» **Task item**: Your task is to copy the lines from the line containing "ULLA JOHNSON Verena" through the end of the listing below, both included, without any pictures.

» **Recorded data**:

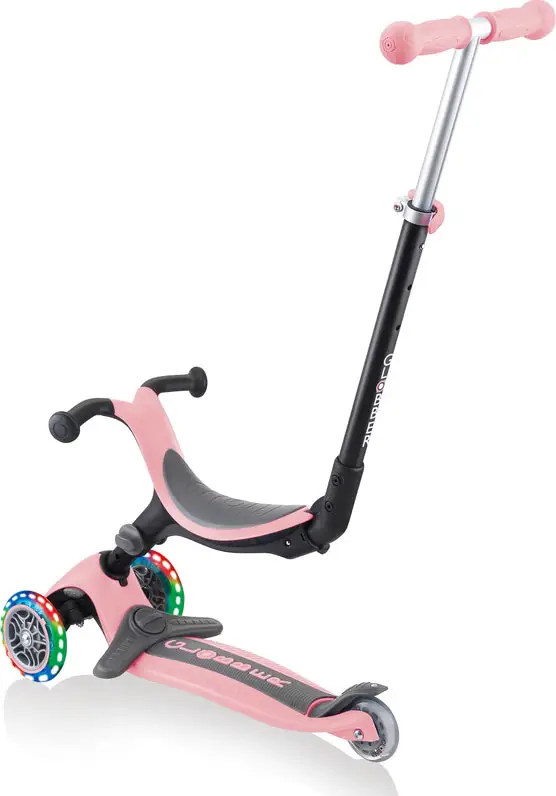 Globber Go Up Foldable Lights – стильный и практичный безвинтовой трансформер, который без дополнительных инструментов может превратиться в 3 разных средства передвижения: каталку, беговел и самокат.
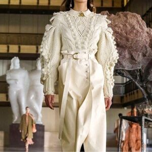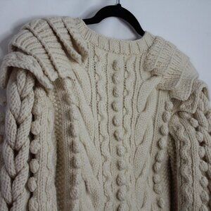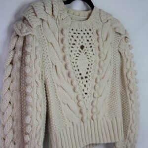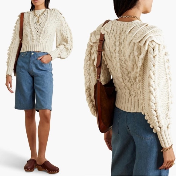 ULLA JOHNSON Verena Cable Knit Pullover Sweater in Ivory
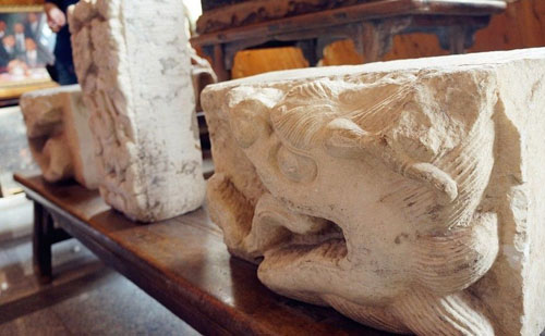 摆放在瓷房子里的汉白玉石雕,为圆明园遗物,张连志花3000多万拍得

» **Result**:
 ULLA JOHNSON Verena Cable Knit Pullover Sweater in Ivory
 摆放在瓷房子里的汉白玉石雕,为圆明园遗物,张连志花3000多万拍得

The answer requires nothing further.